RECORDS -
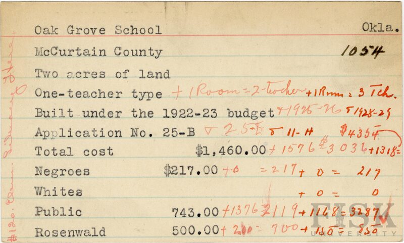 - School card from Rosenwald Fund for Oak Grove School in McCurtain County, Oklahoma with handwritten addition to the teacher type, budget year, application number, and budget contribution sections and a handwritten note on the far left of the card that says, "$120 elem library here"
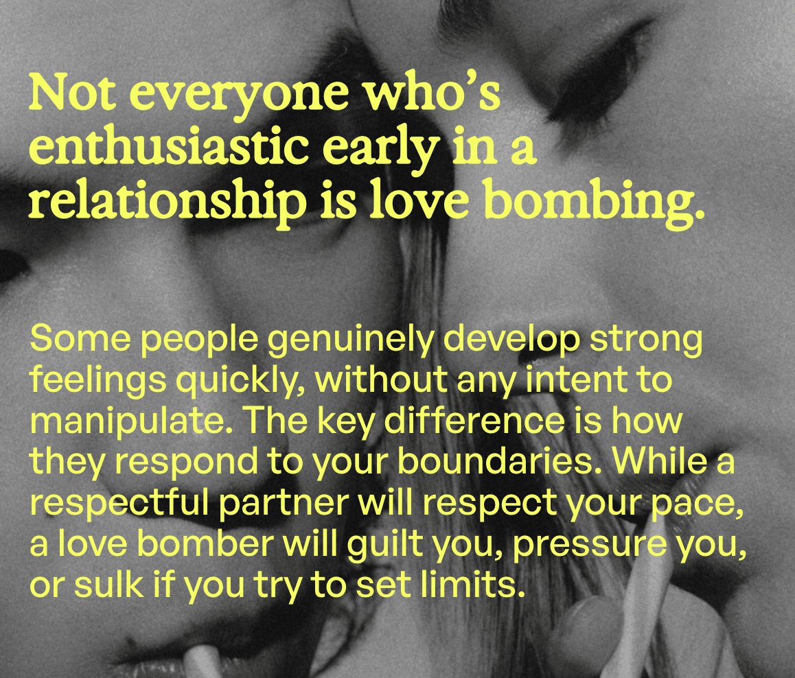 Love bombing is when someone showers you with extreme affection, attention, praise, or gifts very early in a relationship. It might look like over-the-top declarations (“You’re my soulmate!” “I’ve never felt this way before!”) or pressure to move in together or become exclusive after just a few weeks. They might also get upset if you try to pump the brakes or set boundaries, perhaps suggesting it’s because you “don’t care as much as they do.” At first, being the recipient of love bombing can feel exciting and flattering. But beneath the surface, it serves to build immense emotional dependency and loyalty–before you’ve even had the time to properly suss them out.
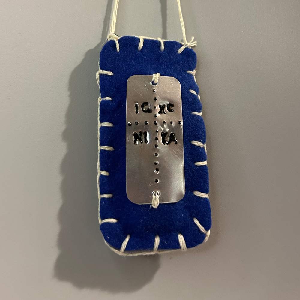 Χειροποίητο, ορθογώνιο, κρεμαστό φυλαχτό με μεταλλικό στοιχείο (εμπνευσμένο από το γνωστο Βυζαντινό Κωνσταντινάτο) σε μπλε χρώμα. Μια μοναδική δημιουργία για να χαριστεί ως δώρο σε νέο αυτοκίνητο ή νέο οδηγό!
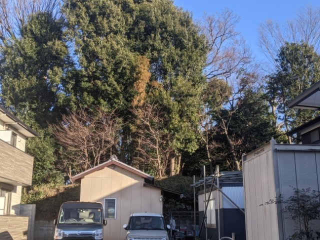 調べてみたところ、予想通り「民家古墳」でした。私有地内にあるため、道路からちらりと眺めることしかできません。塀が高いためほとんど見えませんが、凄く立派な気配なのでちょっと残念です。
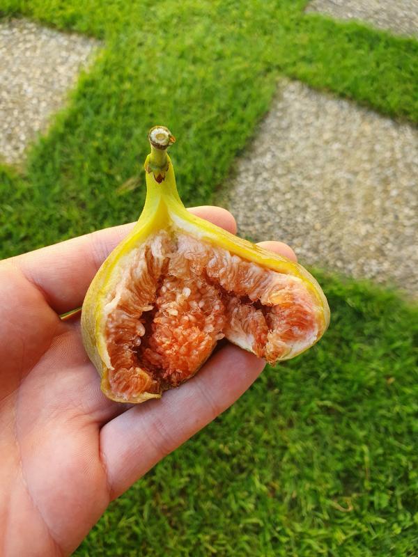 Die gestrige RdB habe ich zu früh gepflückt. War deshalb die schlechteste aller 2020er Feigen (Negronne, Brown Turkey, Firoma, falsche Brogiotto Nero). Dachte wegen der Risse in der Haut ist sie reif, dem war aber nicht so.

WORK TO COMPLETE -
Write out the lines of the entries above exactly, beginning with the first and ending with the line that contains "Love bombing is". No picture goes in.

SOLUTION TO THE EXERCISE -
 - School card from Rosenwald Fund for Oak Grove School in McCurtain County, Oklahoma with handwritten addition to the teacher type, budget year, application number, and budget contribution sections and a handwritten note on the far left of the card that says, "$120 elem library here"
 Love bombing is when someone showers you with extreme affection, attention, praise, or gifts very early in a relationship. It might look like over-the-top declarations (“You’re my soulmate!” “I’ve never felt this way before!”) or pressure to move in together or become exclusive after just a few weeks. They might also get upset if you try to pump the brakes or set boundaries, perhaps suggesting it’s because you “don’t care as much as they do.” At first, being the recipient of love bombing can feel exciting and flattering. But beneath the surface, it serves to build immense emotional dependency and loyalty–before you’ve even had the time to properly suss them out.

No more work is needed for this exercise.